25 Dec 2013, 5:36 pm

I prefer to not socialize in real life at all, because it's stressful and does nothing for me. But I do enjoy having people to talk to online, so I just stick with that! :)



sacmk
Butterfly
Butterfly

User avatar

Joined: 26 Dec 2013
Gender: Female
Posts: 16

27 Dec 2013, 4:35 pm

drivingstickshift wrote:
I have had to learn the hard way that the more I associate with people then I start having problems, for example I used to live in a house that was an employee type housing, one day the cable tv went totally out in the house and all my roommates/coworkers all accused me of hacking the cable tv system in the house, also no one had their facts straight on the matter and I wound up getting fired for something I didn't do and loosing my housing, the other part of it is right now my current job I am going to have to start taking breaks alone because once I start associating with people I start having too many problems its almost like I have a target on me.

My neighbors where I currently live I notice they keep their distance from me and its only hi and bye most of the time, the only time I don't have problems is I have learned if I keep to myself, also I don't want to be view as a loner but its out of choice because of too many things that have gone on in the past.
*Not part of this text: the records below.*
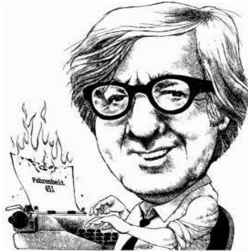
1. Caricatura de Ray Bradbury escribiendo Fahrenheit 451.

de Bradbury es una constante fascinación no solo para los lectores, sino también para los propios escritores. Lo que demuestra la calidad con que
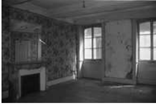
Immeuble : intérieur, détail d'une pièce du premier étage. 25, Besançon
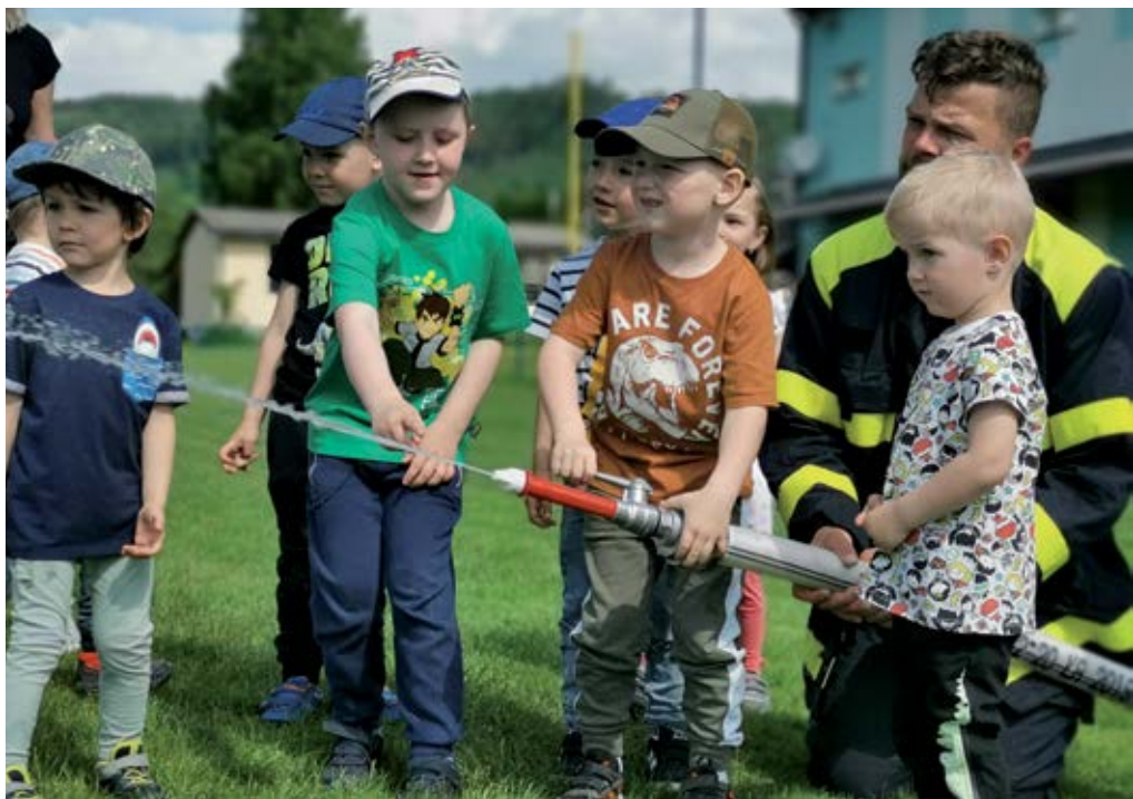
Deti s hasičmi

V júni si dobrovoľní hasiči z našej obce pripravili pre deti z materskej školy ukážku hasenia požiaru na otvorenom priestranstve. Okamžite si hrdinovia vyslúžili úžasny a dlhotrvajúci potlesk. Akcia pokračovala ukážkou hasičskej techniky, ktorú používajú pri svojej práci, ale i zdravotnickej výbavy, dýchacích prístrojov. Deti si mohli vyskúšať hasičské oblečenie, prilbu i samotné vysielacky, dokonca hadicu na hasenie ohňa. Vďaka krásnemu slnečnému počasiu videli aj dúhu, ktorú vytvorili kvapky vody. V očiach detičiek nechýbali iskierky radosti, keď nás všetkých páni hasiči pozvali v hasičských autách a spustili sirénu. Na záver sme im všetci poďakovali za inšpirujúce, poučné a zábavné dopoludnie so skvelými zážitkami! Deti dostali sladké prekvapenie ako darček od hasičov.

Also as far as being in a social group of NT I do feel like I am invisible to people, they will talk to me but then everyones talking and I am off to the side not having any social interaction.



You know.. that's part of life... (i hate that part by the way). I've felt "left out" many times before, I think that even if social interactions are hurting you, you can always learn something from it, and become stronger. I am NT and was never the "coolest kid" but the grown up I am today is waaaay different then the kid I was (shy and secluded) because I stopped hiding, and started faking that i was confident... hopefully this helps :)



Skilpadde
Veteran
Veteran

User avatar

Joined: 7 Dec 2008
Age: 46
Gender: Female
Posts: 27,019

10 Jan 2014, 12:11 am

Ashariel wrote:
But I do enjoy having people to talk to online, so I just stick with that! :)


Yeah, the net FTW! I seriously don't know where I'd be without it.


_________________
BOLTZ 17/3 2012 - 12/11 2020
Beautiful, sweet, gentle, playful, loyal
simply the best and one of a kind
love you and miss you, dear boy

Stop the wolf kills! https://www.thepetitionsite.com/takeact ... 3091429765


slw1990
Veteran
Veteran

User avatar

Joined: 9 Jan 2014
Age: 33
Gender: Female
Posts: 1,406

14 Jan 2014, 11:54 pm

I agree and think it depends who you socialize with. I have a lot of bad experiences with people too and feel paranoid around a lot of them. I get rejected a lot too so I stay away from them unless they seem like someone I can trust. Most of the time it seems like I feel most comfortable around people older than me, but it just depends on the person.